→ Your instructions:
Repeat the lines of the data exactly and exclude any picture among them.

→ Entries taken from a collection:
▬▬▬▬▬▬▬▬▬▬

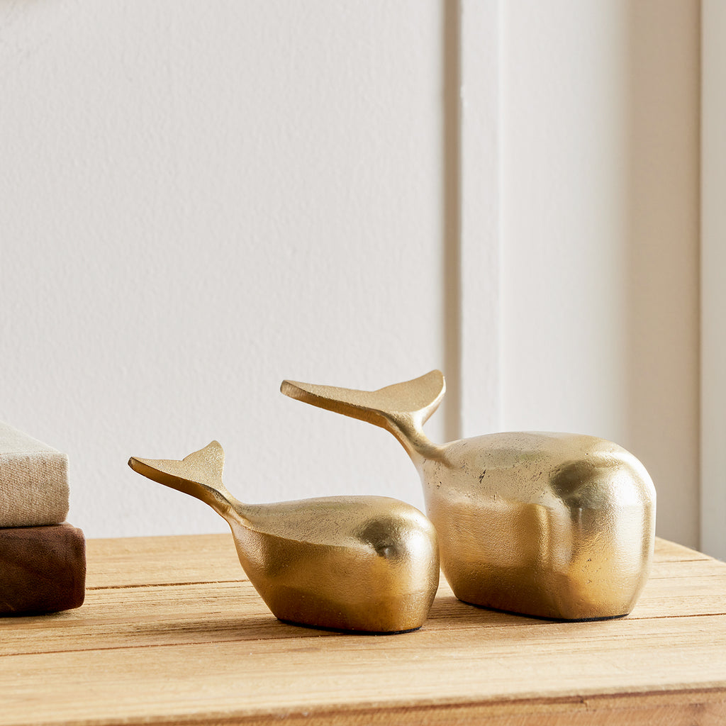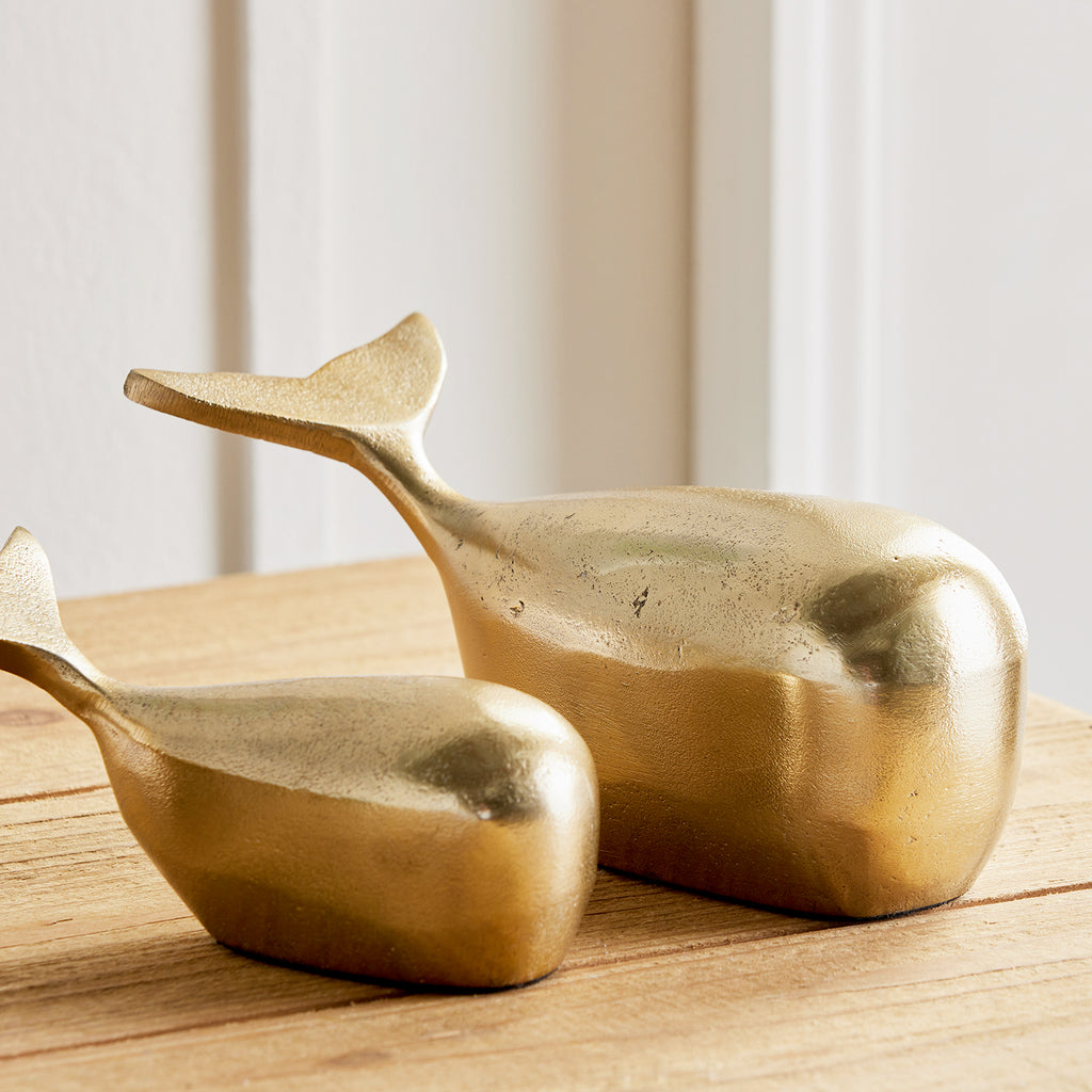 Quite a bit smaller than the real thing, these modern whale sculptures have just as much charm. Made of solid aluminum, this pair makes a great shelf accent for a coastal space, or anywhere to add a bit of character.
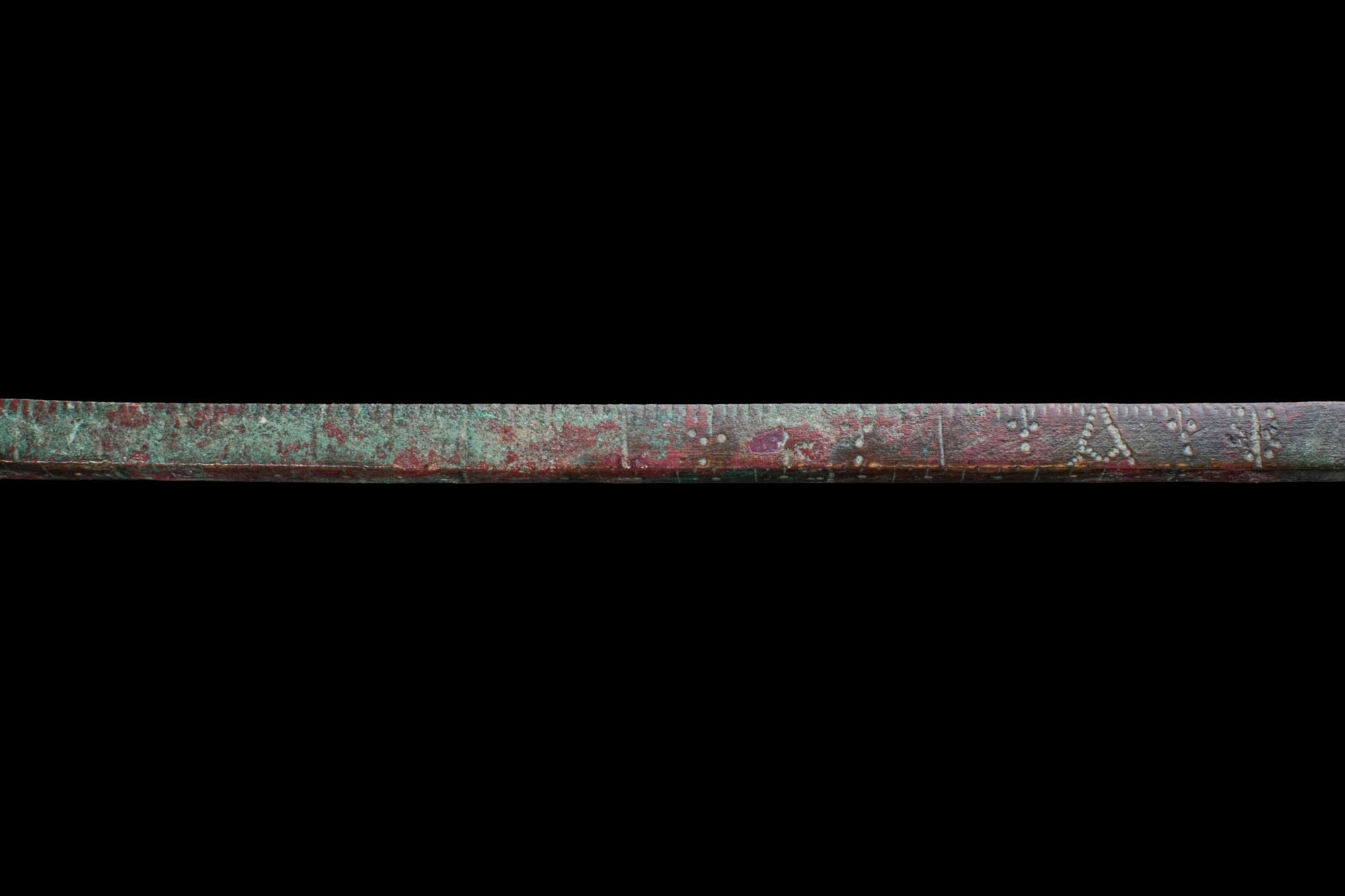 BYZANTINE BRONZE SCALE WITH INSCRIPTION. Ca. AD 500. A bronz…
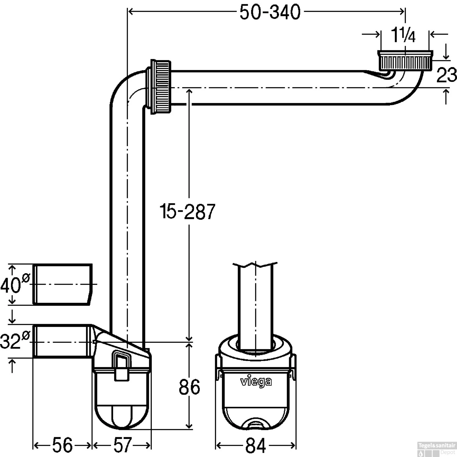 Bekersifon Viega voor Badkamermeubel Verstelbaar Wit
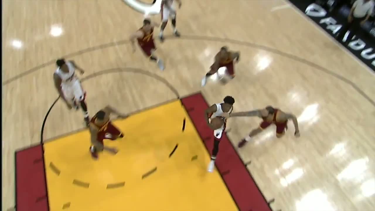 Hield, Derrick Jones Jr.'a karşı 'in-n-out' crossoverını yaparak kendine alan açıyor ve içeri girip basketi buluyor.
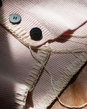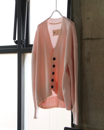 今回は、特殊なミシンで大ぶりなブランケットステッチを施した「OFFICE CARDIGAN」の通常展開のないライトピンクで別注。ドライタッチなコトン素材を贅沢に使用し、たっぷりとしたシルエットや大きめなフロントボタンが特徴のV ネックカーディガン。
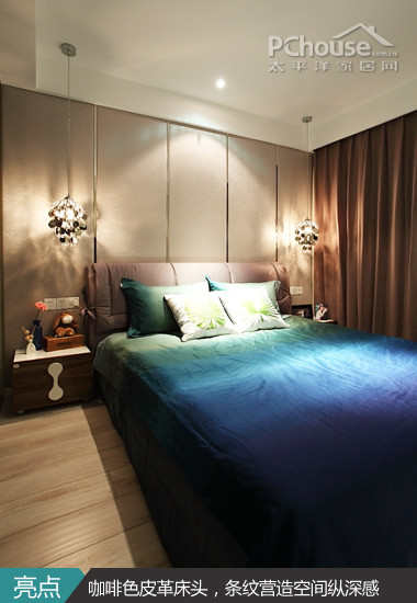 小编解释:主卧吊灯没有使用大吊灯,换以两盏垂坠的小水晶置于两则床头,水晶灯不压顶,卧室整体显得轻盈。
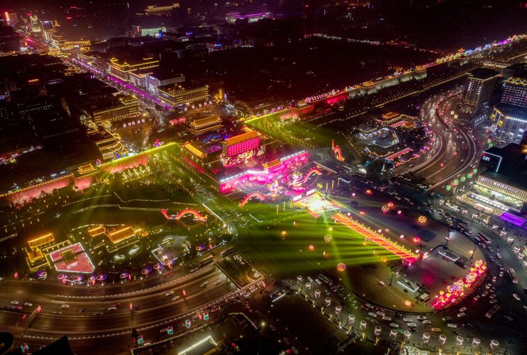 Вид сверху на освещенную городскую стену во время церемонии открытия фестиваля фонарей в Сиане, приуроченного к празднованию китайского Нового года.
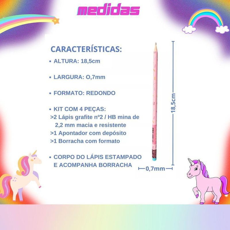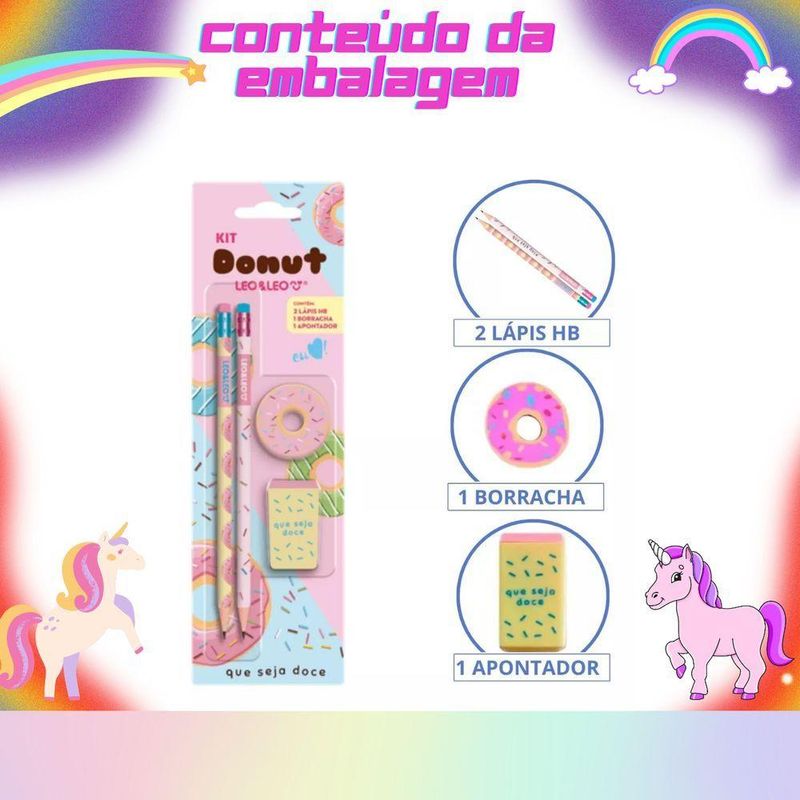 Kit Escolar Com 4 Peças Lápis Grafite Apontador Borracha Donuts Volta As AulasTransforme sua rotina escolar ou profissional com o Kit Donut 4 Itens! Compacto e funcional, este conjunto é perfeito para quem busca praticidade, qualidade e um design divertido. Ideal para crianças, adolescentes e adultos, o kit inclui tudo o que você precisa para escrever, apagar e apontar com estilo.BenefíciosEscrita Suave: Lápis grafite HB com traços precisos e macios.Segurança: Produtos atóxicos e livres de PVC, garantindo uso seguro para todas as idades.Design Divertido: Estilo único inspirado em donuts, tornando o kit irresistível.Alta Durabilidade: Materiais resistentes e de qualidade, para uso prolongado.Compacto e Portátil: Perfeito para levar na mochila, estojo ou bolsa.CaracterísticasLápis Grafite: Corpo em resina termoplástica com acabamento liso e virola de alumínio.Borracha: Atóxica, isenta de PVC, com formato prático para apagar com precisão.Apontador: Fabricado em resina termoplástica com lâmina de aço inox, seguro e eficiente.Estilo Único: Design inspirado em donuts, com cores vibrantes e modernas.Especificações TécnicasLápis Grafite: Tipo HB, ideal para escrita e desenhos técnicos.Borracha: Carga inerte e pigmentos seguros para crianças.Apontador: Lâmina de aço inox, resistente à corrosão.Composição:Lápis: Resina termoplástica, virola de alumínio, borracha de resina plástica.Apontador: Resina termoplástica e lâmina em aço inox.Borracha: Isenta de PVC, pigmentos atóxicos.Detalhes do ProdutoO Kit Donut 4 Itens é a escolha ideal para quem deseja um material escolar ou de escritório que combine funcionalidade e um toque divertido. Compacto e fácil de transportar, ele oferece a solução completa para escrever, apagar e apontar, com qualidade certificada e segurança garantida.Conteúdo da Embalagem2 lápis grafite HB.1 apontador com lâmina em aço inox.1 borracha atóxica e livre de PVC.
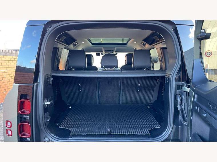 11.4" touchscreen, 360 degree parking aid, 3D Surround Camera with 360 View, 180 Rear View, Front Traffic Detection, Forward Vehicle Guidance, Tow Hitch Assist and clear sight Ground View, Adaptive cruise control, Android Auto, Apple CarPlay, Assisted tailgate with soft close, Blind spot assist, Bluetooth system, Brake pad wear indicator, Clear exit monitor, Connected navigation pro, Driver condition monitor, Electric power assisted steering (EPAS), Interactive driver display, Lane keep assist, Push button start, Rear collision monitor, Rear traffic monitor, Traffic sign recognition with adaptive speed limiter, Trip computer, Wade Sensing, 8 speed automatic transmission, All wheel drive system, Twin speed transfer box, DAB Radio (Digital Audio Broadcasting), Pivi pro connected, Automatic headlight levelling, Automatic headlights, Black exposed rear recovery eyes, Centre high mounted stop light, ClearSight interior rear view mirror, Electric heated/power fold door mirrors with approach lights and auto dimming driver side, Electric windows with one touch open/close and anti-trap, Follow me home lighting, Front fog lights, Heated rear window with timer, Heated windscreen, LED tail lights, Privacy glass, Puddle lights, Rain sensing windscreen wipers, Rear fog lights, Rear side wing doors, Rear wiper, Side hinged tailgate, Trailer stability assist, X-Dynamic badge, 12V power socket in loadspace, 14 way heated and cooled electric adjustable memory front seats with 4 way manual headrests, 3 seat bench in 2nd row, Alpine lights, Configurable cabin lighting, Durable rubber cabin flooring, Durable rubber loadspace flooring, Electric reach + rake adjustable steering column, Extended leather upgrade, Footwell lights, Front passenger isofix child seat attachment, Heated steering wheel, Loadspace cover, Loadspace Hook, Multifunction steering wheel, Overhead stowage for sunglasses, Premium cabin lighting, Rear headrests, Rear ISOFIX, Rear reading lights, Single front passenger seat, Standard seat configuration, Storage glovebox, Sunvisors with illuminated vanity mirrors, Online pack with data plan - Defender, 5 x 3 point seatbelts, ABS, Brake hold function, Cornering brake control (CBC), Customer configurable autolock, DSC - Dynamic Stability Control, EBD - Electronic brakeforce distribution, Electric parking brake (EPB), Emergency brake assist, Emergency braking, ESP + traction control, Front airbags with passenger seat occupant detector, HDC - Hill descent control, Hill launch assist, Low traction launch, Power operated child locks, Remote for (e-Call, Optimised assistance call, InControl app, Climate, beep and flash and door), RSC - Roll stability control, Seat belt reminder, TPMS (Tyre pressure monitoring system), Alarm, Immobiliser, Intrusion sensor, Keyless entry, Locking wheel nuts,

▬▬▬▬▬▬▬▬▬▬

→ Response box:
 Quite a bit smaller than the real thing, these modern whale sculptures have just as much charm. Made of solid aluminum, this pair makes a great shelf accent for a coastal space, or anywhere to add a bit of character.
 BYZANTINE BRONZE SCALE WITH INSCRIPTION. Ca. AD 500. A bronz…
 Bekersifon Viega voor Badkamermeubel Verstelbaar Wit
 Hield, Derrick Jones Jr.'a karşı 'in-n-out' crossoverını yaparak kendine alan açıyor ve içeri girip basketi buluyor.
 今回は、特殊なミシンで大ぶりなブランケットステッチを施した「OFFICE CARDIGAN」の通常展開のないライトピンクで別注。ドライタッチなコトン素材を贅沢に使用し、たっぷりとしたシルエットや大きめなフロントボタンが特徴のV ネックカーディガン。
 小编解释:主卧吊灯没有使用大吊灯,换以两盏垂坠的小水晶置于两则床头,水晶灯不压顶,卧室整体显得轻盈。
 Вид сверху на освещенную городскую стену во время церемонии открытия фестиваля фонарей в Сиане, приуроченного к празднованию китайского Нового года.
 Kit Escolar Com 4 Peças Lápis Grafite Apontador Borracha Donuts Volta As AulasTransforme sua rotina escolar ou profissional com o Kit Donut 4 Itens! Compacto e funcional, este conjunto é perfeito para quem busca praticidade, qualidade e um design divertido. Ideal para crianças, adolescentes e adultos, o kit inclui tudo o que você precisa para escrever, apagar e apontar com estilo.BenefíciosEscrita Suave: Lápis grafite HB com traços precisos e macios.Segurança: Produtos atóxicos e livres de PVC, garantindo uso seguro para todas as idades.Design Divertido: Estilo único inspirado em donuts, tornando o kit irresistível.Alta Durabilidade: Materiais resistentes e de qualidade, para uso prolongado.Compacto e Portátil: Perfeito para levar na mochila, estojo ou bolsa.CaracterísticasLápis Grafite: Corpo em resina termoplástica com acabamento liso e virola de alumínio.Borracha: Atóxica, isenta de PVC, com formato prático para apagar com precisão.Apontador: Fabricado em resina termoplástica com lâmina de aço inox, seguro e eficiente.Estilo Único: Design inspirado em donuts, com cores vibrantes e modernas.Especificações TécnicasLápis Grafite: Tipo HB, ideal para escrita e desenhos técnicos.Borracha: Carga inerte e pigmentos seguros para crianças.Apontador: Lâmina de aço inox, resistente à corrosão.Composição:Lápis: Resina termoplástica, virola de alumínio, borracha de resina plástica.Apontador: Resina termoplástica e lâmina em aço inox.Borracha: Isenta de PVC, pigmentos atóxicos.Detalhes do ProdutoO Kit Donut 4 Itens é a escolha ideal para quem deseja um material escolar ou de escritório que combine funcionalidade e um toque divertido. Compacto e fácil de transportar, ele oferece a solução completa para escrever, apagar e apontar, com qualidade certificada e segurança garantida.Conteúdo da Embalagem2 lápis grafite HB.1 apontador com lâmina em aço inox.1 borracha atóxica e livre de PVC.
 11.4" touchscreen, 360 degree parking aid, 3D Surround Camera with 360 View, 180 Rear View, Front Traffic Detection, Forward Vehicle Guidance, Tow Hitch Assist and clear sight Ground View, Adaptive cruise control, Android Auto, Apple CarPlay, Assisted tailgate with soft close, Blind spot assist, Bluetooth system, Brake pad wear indicator, Clear exit monitor, Connected navigation pro, Driver condition monitor, Electric power assisted steering (EPAS), Interactive driver display, Lane keep assist, Push button start, Rear collision monitor, Rear traffic monitor, Traffic sign recognition with adaptive speed limiter, Trip computer, Wade Sensing, 8 speed automatic transmission, All wheel drive system, Twin speed transfer box, DAB Radio (Digital Audio Broadcasting), Pivi pro connected, Automatic headlight levelling, Automatic headlights, Black exposed rear recovery eyes, Centre high mounted stop light, ClearSight interior rear view mirror, Electric heated/power fold door mirrors with approach lights and auto dimming driver side, Electric windows with one touch open/close and anti-trap, Follow me home lighting, Front fog lights, Heated rear window with timer, Heated windscreen, LED tail lights, Privacy glass, Puddle lights, Rain sensing windscreen wipers, Rear fog lights, Rear side wing doors, Rear wiper, Side hinged tailgate, Trailer stability assist, X-Dynamic badge, 12V power socket in loadspace, 14 way heated and cooled electric adjustable memory front seats with 4 way manual headrests, 3 seat bench in 2nd row, Alpine lights, Configurable cabin lighting, Durable rubber cabin flooring, Durable rubber loadspace flooring, Electric reach + rake adjustable steering column, Extended leather upgrade, Footwell lights, Front passenger isofix child seat attachment, Heated steering wheel, Loadspace cover, Loadspace Hook, Multifunction steering wheel, Overhead stowage for sunglasses, Premium cabin lighting, Rear headrests, Rear ISOFIX, Rear reading lights, Single front passenger seat, Standard seat configuration, Storage glovebox, Sunvisors with illuminated vanity mirrors, Online pack with data plan - Defender, 5 x 3 point seatbelts, ABS, Brake hold function, Cornering brake control (CBC), Customer configurable autolock, DSC - Dynamic Stability Control, EBD - Electronic brakeforce distribution, Electric parking brake (EPB), Emergency brake assist, Emergency braking, ESP + traction control, Front airbags with passenger seat occupant detector, HDC - Hill descent control, Hill launch assist, Low traction launch, Power operated child locks, Remote for (e-Call, Optimised assistance call, InControl app, Climate, beep and flash and door), RSC - Roll stability control, Seat belt reminder, TPMS (Tyre pressure monitoring system), Alarm, Immobiliser, Intrusion sensor, Keyless entry, Locking wheel nuts,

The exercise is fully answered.